DATA RECORDS below:
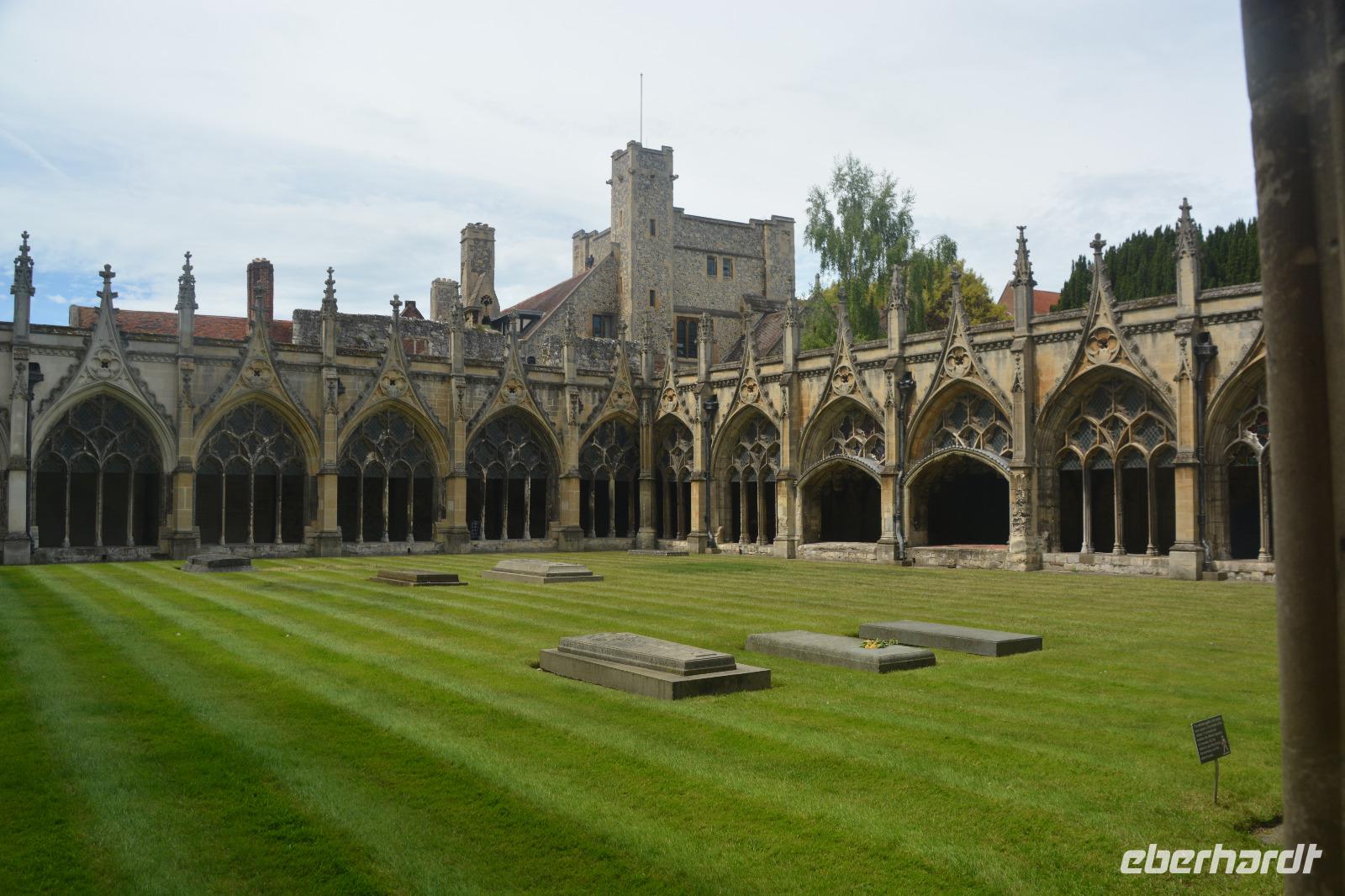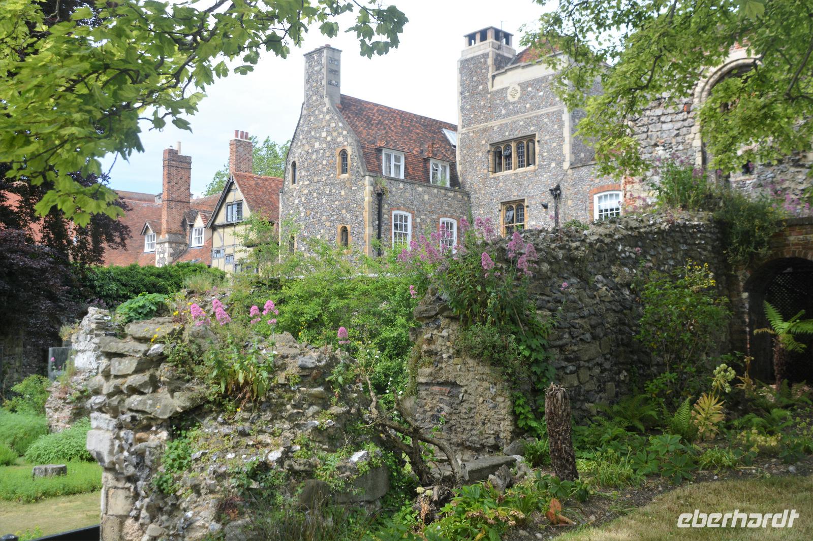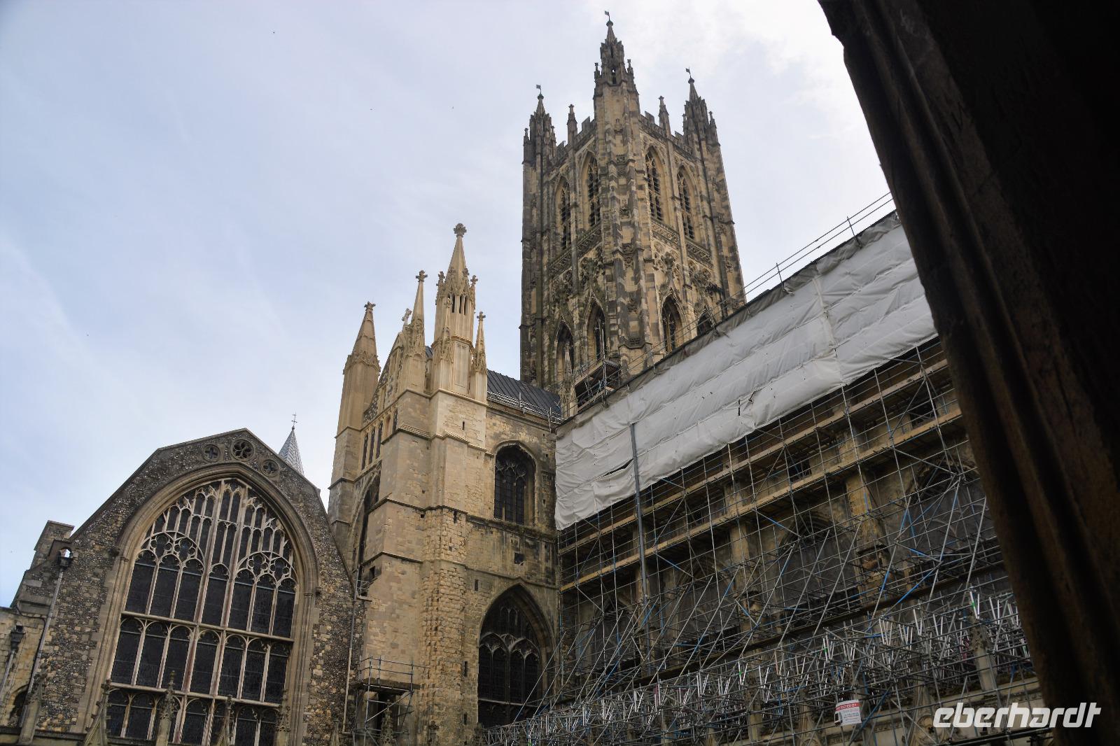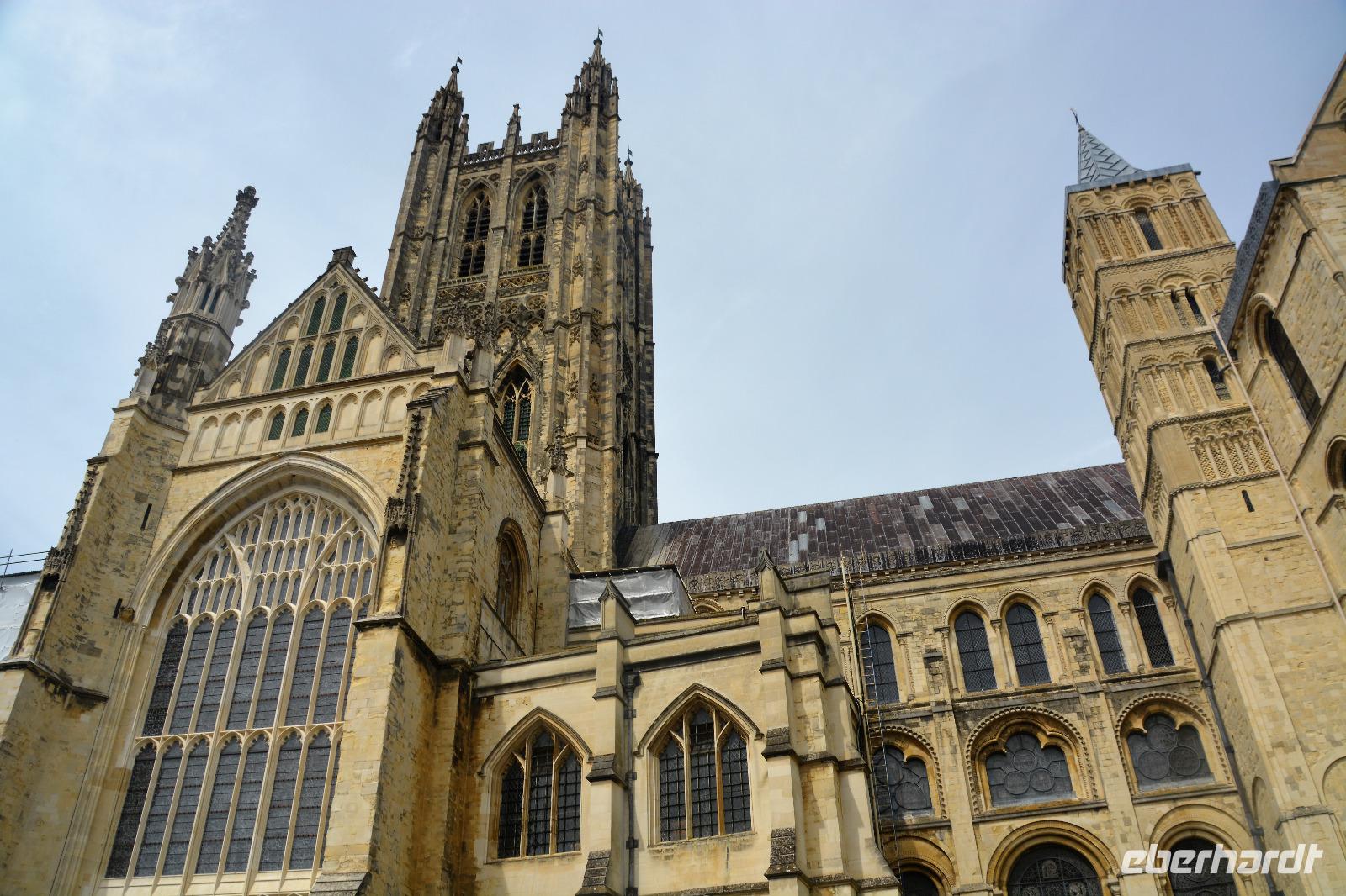 Nach dem Frühstück fahren wir rechtzeitig los, denn unser Bus braucht heute noch ein wenig Nahrung. Schnell sind wir in Calais, die Stadt die im Laufe der Geschichte einiges ertragen musste und heute ein wichtiger Fährhafen nach Grossbritannien ist. Am Terminal ist heute nicht so viel los und wir werden bald zum Auffahren aufgefordert. Die Überfahrt ist ruhig und durch das schöne Wetter können wir die Klippen von Dover schon von Weitem sehen. Die bis zu 106 m hohen Steinwände bestehen aus feinkörnigem Kalk, der seinen Ursprung in der Kreidezeit hat. In dieser Zeit befand sich hier ein tropisches Meer in dem sich die Gehäuse der Schalentiere anhäuften und sich als Sedimente aufschichteten. Heute erscheinen sie besonders weiß, da sie von der Sonne beschienen werden. Langsam kommen wir näher und die Burg von Dover thront über allem. Wir fahren in das Hafenbecken und endlich dürfen wir zu unserem Bus. Hier in Dover und auch in Canterbury, unserem ersten Ziel in Grossbritannien, kam im Jahr 1066 n.Ch. Wilhelm der Eroberer vorbei, um sich an seinem Ziel in Westminster Abbey krönen zu lassen. Canterbury wird auch als das "englische Rom" bezeichnet, denn hier ist das Zentrum der Anglikanischen Kirche und Sitz des Erzbischofs. Wir betreten das weitläufige Areal der Anlage durch ein beeindruckendes Tor und gehen gleich in den Kathedralenbau der eine imposante Länge von 160 m hat. Die Decke des Langhauses bleibt wegen Restaurierungs-arbeiten leider vor unseren Blicken verborgen aber wir können in die Kuppel des Vierungsturmes schauen mit seinem Gewölbe im sog. "Perpendicular Style". Durch den Lettner gelangen wir in den Chor, welcher aus einer früheren Zeit stammt. Berühmt wurde die Kathedrale durch den Mord an Thomas Becket, der als Bischof in seiner eigenen Kathedrale auf Anordnung von Henry(Heinrich) II. ermordet und danach zum Märtyrer wurde. Zu seinem Grab, welches später von Heinrich VIII. zerstört wurde, ströhmten die Gläubigen in Scharen. An der Stelle des Grabes brennt heute ein Kerzenlicht. Wir gehen zum Kreuzgang und landen dann in einem schön angelegten Kräutergarten. Nach einer verdienten Kaffeepause gehen einige von uns noch ein wenig durch das Städtchen, welches einen gemütlichen Charakter hat.Dann geht es zurück zum Parkplatz wo unser Bus steht. Von Canterbury fahren wir weiter in Richtung London. Schon auf der Autobahn wird uns klar, dass wir wohl heute ein wenig später als vorgesehen in London ankommen werden. Eine Ferienwoche geht zu Ende und für den morgigen Tag hat sich doch glatt Herr Trump zu einem Staatsbesuch angesagt. Wir ahnen, dass das wohl unseren Aufenthalt in London etwas beeinträchtigen wird, sind doch begleitend Straßensperren und auch Demomstrationen gegen den Besuch angekündigt. Schon bald bewegen wir uns im Schneckentempo durch Londons Straßen. Unser Hotel welches im Westen der Stadt liegt ist aber nur über diesen Weg zu erreichen. Wir fahren durch den Stadtteil Greenwich mit seinem berühmten Garten und kommen schließlich doch mit einiger Verspätung in unserem Hotel an. Gleich gehen wir zum Abendessen und treffen auf die Mitreisende, die mit dem Flugzeug angereist ist. Sie hatte schon gedacht, dass wir nicht mehr kommen. Trotzdem schmeckt uns das Abendessen in diesem wirklich großen Hotel im Stadtteil Hammersmith.
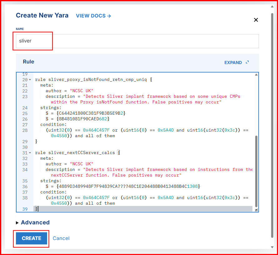 Since we’re working with the Sliver C2 framework, we can make our detection more precise by using a YARA signature specifically designed to identify Sliver activity. Fortunately, the UK’s National Cyber Security Centre (NCSC) has shared some excellent threat intelligence on Sliver—including detailed YARA rules and other detection techniques.
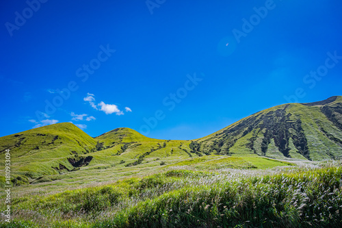 © 模公 黒川, Fototapeta premium 快晴の阿蘇くじゅう国立公園の絶景 Clear Sky Landscape of Aso Kuju National Park
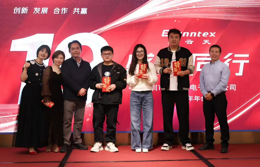 抽奖环节无疑是年会现场最为激动人心的时刻。三等奖、二等奖、一等奖以及阳光普照奖依次抽出,每位获奖者都收获了来自公司的惊喜与祝福。而“搏一搏”环节更是将现场气氛推向了高潮,大家纷纷用原奖去换取抽取特等奖的资格,期待能够成为最终的幸运儿。当崔总亲自为特等奖得主颁奖时,全场响起了雷鸣般的掌声。
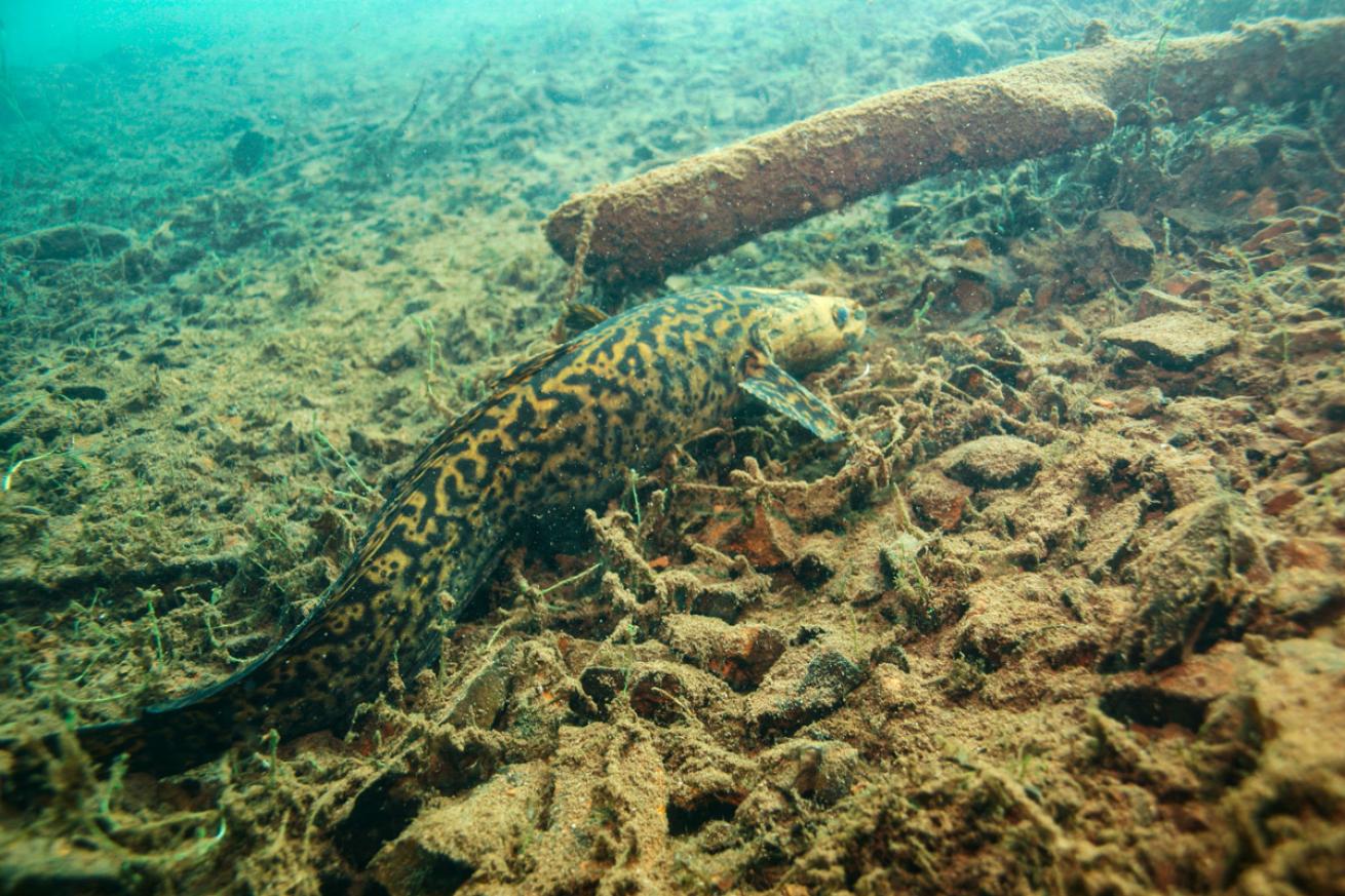 Divers may spy an unusual creature when descending into the mines—and no, we’re not talking about Jason Voorhees. The common loon (Gavia immer) is Minnesota’s state bird. Loons can be spotted beneath the surface on the hunt for fish. Their beady red eyes stand out from their satiny black heads, guiding their speckled bodies through the water. Loons are heavier and more skillful swimmers than other birds in northern Minnesota, where their breeding numbers are greater than pretty much anywhere else outside Alaska. Their unusual solid skeletal structure enables them to dive down more than 100 feet, giving them a legendary status among the divers who encounter them while exploring the mines.
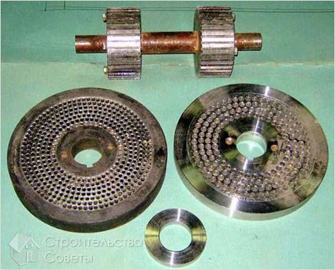 Чтобы не возиться с конструкцией данного оборудования, достаточно приобрести уже готовую матрицу и катки, продающиеся производителями грануляторов для комбикорма. Естественно, не исключен и способ собственноручного их изготовления из листа металла толщиной 20 мм и шестерен, расположенных на валу.
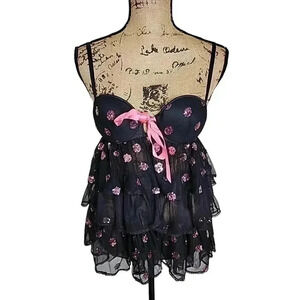 VICTORIA’S Secret Babydoll Slip Black Lace Flirty Sexy Little Thing top. 34 B
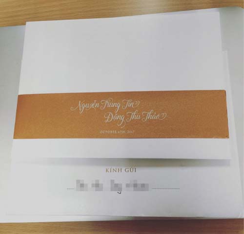 Tấm thiệp cưới của Đặng Thu Thảo và Trung Tín cũng được chia sẻ rầm rộ trên mạng xã hội mới đây. Có thể thấy, tấm thiệp của Thu Thảo lựa chọn khá đơn giản, không cầu kỳ, xa hoa giống như của các sao Việt khác. Bên ngoài tấm thiệp là dòng chữ Nguyễn Trung Tín - Đặng Thu Thảo và ngày diễn ra hôn lễ.
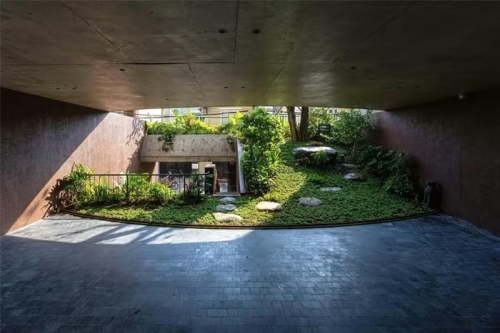 Những lớp chuyển tiếp này - từ ngoài vào trong, từ tầng trệt lên tầng trên - tạo một thể thống nhất liền mạch. Ảnh: Triệu Chiến |
End of DATA RECORDS.
Restate each entry word for word; pictures stay out of the copy.

 Nach dem Frühstück fahren wir rechtzeitig los, denn unser Bus braucht heute noch ein wenig Nahrung. Schnell sind wir in Calais, die Stadt die im Laufe der Geschichte einiges ertragen musste und heute ein wichtiger Fährhafen nach Grossbritannien ist. Am Terminal ist heute nicht so viel los und wir werden bald zum Auffahren aufgefordert. Die Überfahrt ist ruhig und durch das schöne Wetter können wir die Klippen von Dover schon von Weitem sehen. Die bis zu 106 m hohen Steinwände bestehen aus feinkörnigem Kalk, der seinen Ursprung in der Kreidezeit hat. In dieser Zeit befand sich hier ein tropisches Meer in dem sich die Gehäuse der Schalentiere anhäuften und sich als Sedimente aufschichteten. Heute erscheinen sie besonders weiß, da sie von der Sonne beschienen werden. Langsam kommen wir näher und die Burg von Dover thront über allem. Wir fahren in das Hafenbecken und endlich dürfen wir zu unserem Bus. Hier in Dover und auch in Canterbury, unserem ersten Ziel in Grossbritannien, kam im Jahr 1066 n.Ch. Wilhelm der Eroberer vorbei, um sich an seinem Ziel in Westminster Abbey krönen zu lassen. Canterbury wird auch als das "englische Rom" bezeichnet, denn hier ist das Zentrum der Anglikanischen Kirche und Sitz des Erzbischofs. Wir betreten das weitläufige Areal der Anlage durch ein beeindruckendes Tor und gehen gleich in den Kathedralenbau der eine imposante Länge von 160 m hat. Die Decke des Langhauses bleibt wegen Restaurierungs-arbeiten leider vor unseren Blicken verborgen aber wir können in die Kuppel des Vierungsturmes schauen mit seinem Gewölbe im sog. "Perpendicular Style". Durch den Lettner gelangen wir in den Chor, welcher aus einer früheren Zeit stammt. Berühmt wurde die Kathedrale durch den Mord an Thomas Becket, der als Bischof in seiner eigenen Kathedrale auf Anordnung von Henry(Heinrich) II. ermordet und danach zum Märtyrer wurde. Zu seinem Grab, welches später von Heinrich VIII. zerstört wurde, ströhmten die Gläubigen in Scharen. An der Stelle des Grabes brennt heute ein Kerzenlicht. Wir gehen zum Kreuzgang und landen dann in einem schön angelegten Kräutergarten. Nach einer verdienten Kaffeepause gehen einige von uns noch ein wenig durch das Städtchen, welches einen gemütlichen Charakter hat.Dann geht es zurück zum Parkplatz wo unser Bus steht. Von Canterbury fahren wir weiter in Richtung London. Schon auf der Autobahn wird uns klar, dass wir wohl heute ein wenig später als vorgesehen in London ankommen werden. Eine Ferienwoche geht zu Ende und für den morgigen Tag hat sich doch glatt Herr Trump zu einem Staatsbesuch angesagt. Wir ahnen, dass das wohl unseren Aufenthalt in London etwas beeinträchtigen wird, sind doch begleitend Straßensperren und auch Demomstrationen gegen den Besuch angekündigt. Schon bald bewegen wir uns im Schneckentempo durch Londons Straßen. Unser Hotel welches im Westen der Stadt liegt ist aber nur über diesen Weg zu erreichen. Wir fahren durch den Stadtteil Greenwich mit seinem berühmten Garten und kommen schließlich doch mit einiger Verspätung in unserem Hotel an. Gleich gehen wir zum Abendessen und treffen auf die Mitreisende, die mit dem Flugzeug angereist ist. Sie hatte schon gedacht, dass wir nicht mehr kommen. Trotzdem schmeckt uns das Abendessen in diesem wirklich großen Hotel im Stadtteil Hammersmith.
 Since we’re working with the Sliver C2 framework, we can make our detection more precise by using a YARA signature specifically designed to identify Sliver activity. Fortunately, the UK’s National Cyber Security Centre (NCSC) has shared some excellent threat intelligence on Sliver—including detailed YARA rules and other detection techniques.
 © 模公 黒川, Fototapeta premium 快晴の阿蘇くじゅう国立公園の絶景 Clear Sky Landscape of Aso Kuju National Park
 抽奖环节无疑是年会现场最为激动人心的时刻。三等奖、二等奖、一等奖以及阳光普照奖依次抽出,每位获奖者都收获了来自公司的惊喜与祝福。而“搏一搏”环节更是将现场气氛推向了高潮,大家纷纷用原奖去换取抽取特等奖的资格,期待能够成为最终的幸运儿。当崔总亲自为特等奖得主颁奖时,全场响起了雷鸣般的掌声。
 Divers may spy an unusual creature when descending into the mines—and no, we’re not talking about Jason Voorhees. The common loon (Gavia immer) is Minnesota’s state bird. Loons can be spotted beneath the surface on the hunt for fish. Their beady red eyes stand out from their satiny black heads, guiding their speckled bodies through the water. Loons are heavier and more skillful swimmers than other birds in northern Minnesota, where their breeding numbers are greater than pretty much anywhere else outside Alaska. Their unusual solid skeletal structure enables them to dive down more than 100 feet, giving them a legendary status among the divers who encounter them while exploring the mines.
 Чтобы не возиться с конструкцией данного оборудования, достаточно приобрести уже готовую матрицу и катки, продающиеся производителями грануляторов для комбикорма. Естественно, не исключен и способ собственноручного их изготовления из листа металла толщиной 20 мм и шестерен, расположенных на валу.
 VICTORIA’S Secret Babydoll Slip Black Lace Flirty Sexy Little Thing top. 34 B
 Tấm thiệp cưới của Đặng Thu Thảo và Trung Tín cũng được chia sẻ rầm rộ trên mạng xã hội mới đây. Có thể thấy, tấm thiệp của Thu Thảo lựa chọn khá đơn giản, không cầu kỳ, xa hoa giống như của các sao Việt khác. Bên ngoài tấm thiệp là dòng chữ Nguyễn Trung Tín - Đặng Thu Thảo và ngày diễn ra hôn lễ.
 Những lớp chuyển tiếp này - từ ngoài vào trong, từ tầng trệt lên tầng trên - tạo một thể thống nhất liền mạch. Ảnh: Triệu Chiến |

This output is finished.